The thing about trying to regulate retail clinics as drug manufactures is that the drug source is different; it walks in with the patients. The technology necessary to process the “drug” is relatively simple and cheap. Moreover, the training necessary to administer the drug/biologic is easily obtained, relatively cheap and quick (many would say much too quick, but that’s another topic and another one of my stories).

In market and economic terms, this is a low barriers to entry business model, and especially, to reiterate, because the patient comes in with his/her own drug supply and the clinic just processes it. This is just another part of the tidal forces facing the FDA.

And the last reason why the FDA will never stop the private stem cell clinics:

They are a moving target, and the target is starting to move on from fat

Readers of my book will know that I was involved in the original iteration of private stem cells business model, namely umbilical cord blood from blood banks. (See chapter 9 of Galileo’s Lawyer about the first stem cell criminal investigation https://www.amazon.com/Galileos-Lawyer-Alternative-Complementary-Experimental/dp/0980118301/ )

Autologous from fat is the second, much more popular model, and as readers of my posts know, I was involved in the beginning of that too.

But the field has been reading the tea leaves, meaning the warning letters and the guidance documents administrative process, and it is starting to move on. The new iteration is autologous bone marrow based products, which are claimed to be exempt under 21 CFR 1271.15. (I haven’t looked hard at the issue yet, but I expect to in the future, for one reason or another.)
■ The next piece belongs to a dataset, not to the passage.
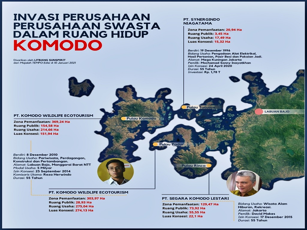 Sejauh ini, pemerintah tengah memberi izin konsesi kepada tiga perusahaan yaitu PT Sagara Komodo Lestari di Pulau Rinca seluas 22,1 Ha, PT Komodo Wildlife Ecotourism di Pulau Padar seluas 274,13 Ha dan Pulau Komodo seluas 151,94 Ha.

It took the FDA 12 years to publish final autologous fat guidance documents. It will likely take the FDA less time to work through the bone marrow model, but some of these clinics are going to slip through the cracks, either because of limited FDA resources, low risk of harm, or because they actually do meet the 1271.15 exemption criteria (essentially, homologous use, not more than minimally manipulated, and provided in the same surgical procedure).

My prediction is that the better, smarter, more informed clinics will end up being in compliance, others will not.

But one way or the other, we’re going to go through the same process as what happened with autologous fat derived stem cells, and that’s going to take a significant amount of time.
And so we start again.

Rick Jaffe, Esq.
www.rickjaffe.com
rickjaffeesquire@gmail.com

Post Script
In case some of you never heard of King Canute, he was King of Denmark, England and Norway in the early 11th century. There is an apocryphal story about him putting his throne at the edge of the sea, ordering the incoming tide to stop before the water got to the throne. A common misunderstanding was that his hubris led him to think that he was so powerful that he could stop the tide from coming in. Admittedly, I was one of those so misinformed until I did some deep research (ok, Wikipedia).

Turns out the actual version of the apocryphal story (assuming that such a thing matters in apocryphal stories) is that he knew he couldn’t affect the tides, and that only God could, but he did it to shut-up his retinue who thought he was all powerful.

If so, then maybe the whole FDA analogy/metaphor to King Canute doesn’t even apply (or maybe it still does).